The geography of North Dakota consists of three major geographic regions: in the east is the Red River Valley, west of this, the Missouri Plateau. The southwestern part of North Dakota is covered by the Great Plains, accentuated by the Badlands. There is also much in the way of geology and hydrology.

North Dakota is about 340 miles (545 km) east to west and 211 miles (340 km) north to south, with a total area of 70,704 square miles (183,123 km²), making it the 19th largest of the 50 U.S. states. About 2.4% of North Dakota's area is covered by water.

==Geographic divisions==
===Red River Valley===

The Red River Valley takes up the eastern portion of the state, with the Red River of the North forming the border with Minnesota.
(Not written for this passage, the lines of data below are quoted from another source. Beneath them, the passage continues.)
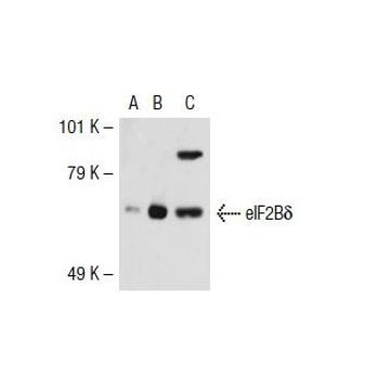 mouse monoclonal IgG2b; eIF2Bδ Antibody (P-6) is an IgG2b κ mouse monoclonal eIF2B delta antibody (also designated eIF2Bδ antibody) that detects the eIF2B delta protein of mouse, rat and human origin by WB, IP, IF and IHC(P). eIF2Bδ Antibody (P-6) is available as both the non-conjugated anti-eIF2B delta antibody form, as well as multiple conjugated forms of anti-eIF2B delta antibody, including agarose, HRP, PE, FITC and multiple Alexa Fluor® conjugates. The initiation of protein synthesis in eukaryotic cells is regulated by interactions between protein initiation factors and RNA molecules. The eukaryotic initiation complex eIF2B exists as a five subunit complex composed of eIF2Bα, eIF2Bβ, eIF2Bγ, eIF2Bδ, and eIF2Bε. The eIF2B complex catalyzes the exchange of GDP for GTP on the eIF2 complex, following the interaction of eIF2/GTP with the 40S ribosomal subunit. Guanine nucleotide exchange factor (GEF) activity is exhibited by the eIF2Bε subunit alone, but is greater in the presence of all five eIF2B subunits. Phosphorylation of eIF2 inhibits GEF activity of eIF2B, an inhibition that requires the eIF2Bα subunit.
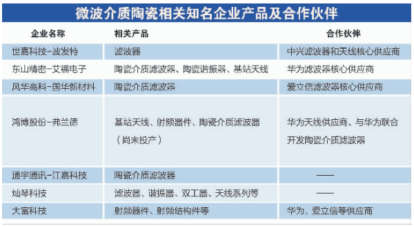 A股公司布局微波介質陶瓷相關企業主要有東山精密、鴻博股份、通宇通訊等。
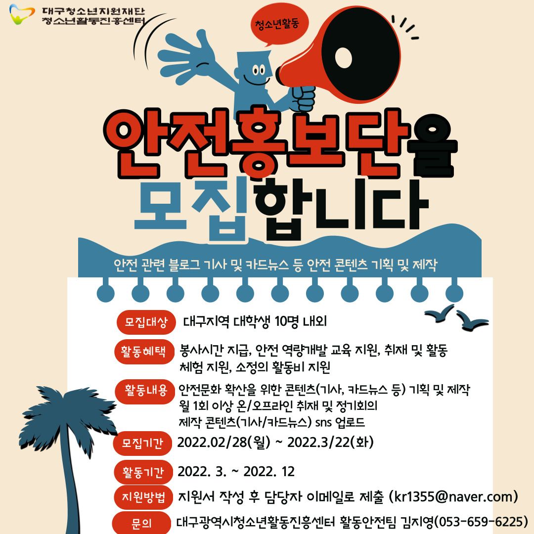 ■ 활동문의 : 대구광역시청소년활동진흥센터 활동안전팀 김지영 (053-659-6225)
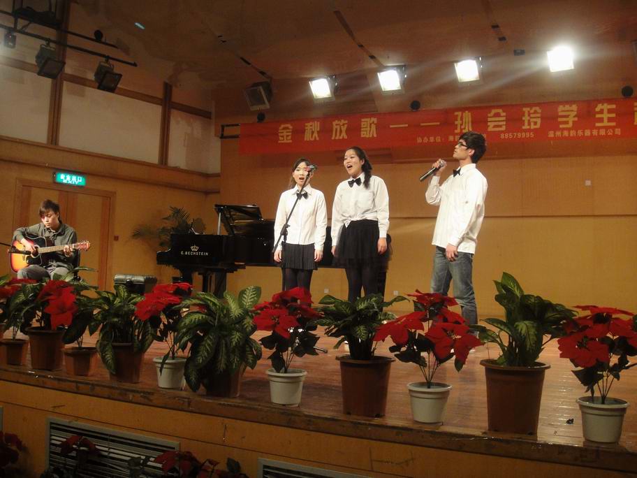 瓯江学院的三人组也为这次的比赛增添了一份别样的色彩,他们为我们带来的是:吉他伴奏,男女生三人小合唱《同桌的你》 。
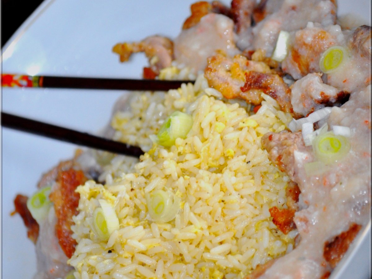 Canard sauce crevette riz frit
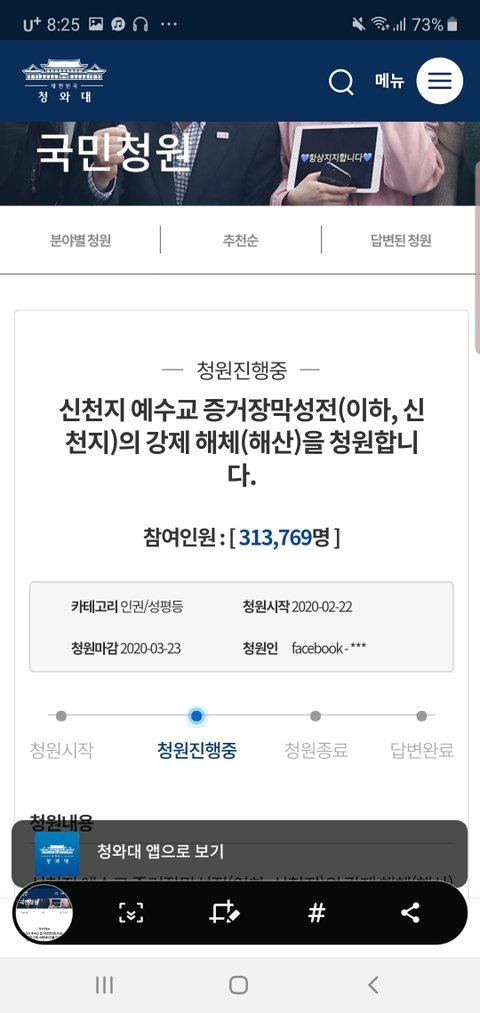 신천지 강제해체 국민청원 링크 참여 고고
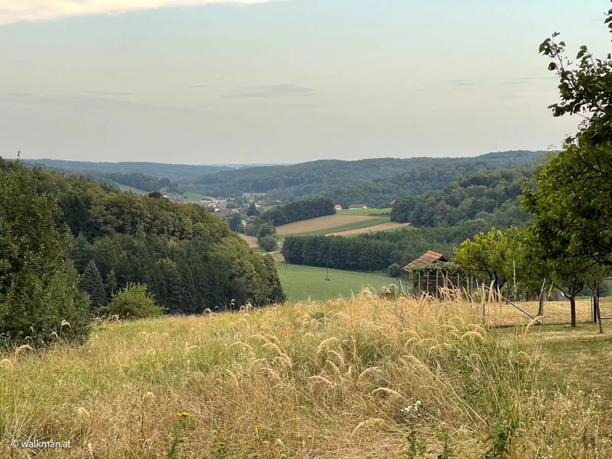 Insgesamt sind dann, vom Tal bis bis zum höchsten Punkt, kurz nach Kilometer 2,0, etwa 80 Höhenmeter zu bewältigen. Hier heroben besteht auch eine Möglichkeit zur Rast. An dem eigens dafür eingerichteten „Rastplatz Schabhüttl Fuchsberg“. Schattig, unter ein paar Bäumen gelegen, ist eine Pause, auch an heißen Tagen, richtig angenehm.
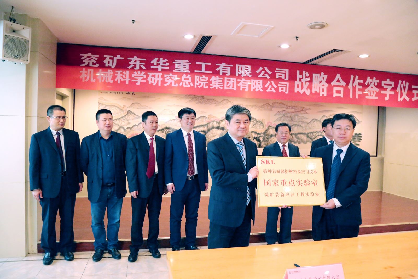 特種表面保護(hù)材料及應(yīng)用技術(shù)國(guó)家重點(diǎn)實(shí)驗(yàn)室在東華重工設(shè)立煤礦裝備表面工程實(shí)驗(yàn)室,材保所總經(jīng)理吳勇授牌,趙峰代表東華重工接牌。
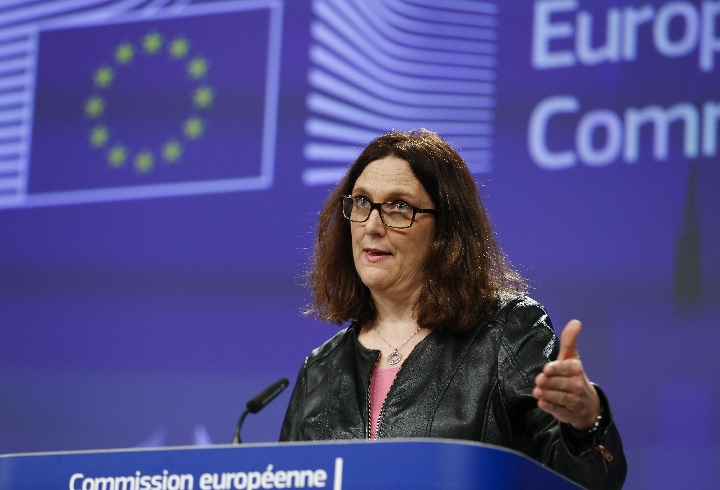 "We regret that the United States left us with no other option than to safeguard EU interests," EU trade commissioner Cecilia Malmstrom said.

The Valley is the remnant lake bed of the ancient Lake Agassiz. It is very flat, and is quite fertile. This area of North Dakota is mostly farm country, with wheat, sugarbeets, and maize as staple crops, and along with other crops and livestock, cover the area. The valley contains the lowest point in North Dakota which is the Red River at Pembina, at 750 feet (230 m) above sea level.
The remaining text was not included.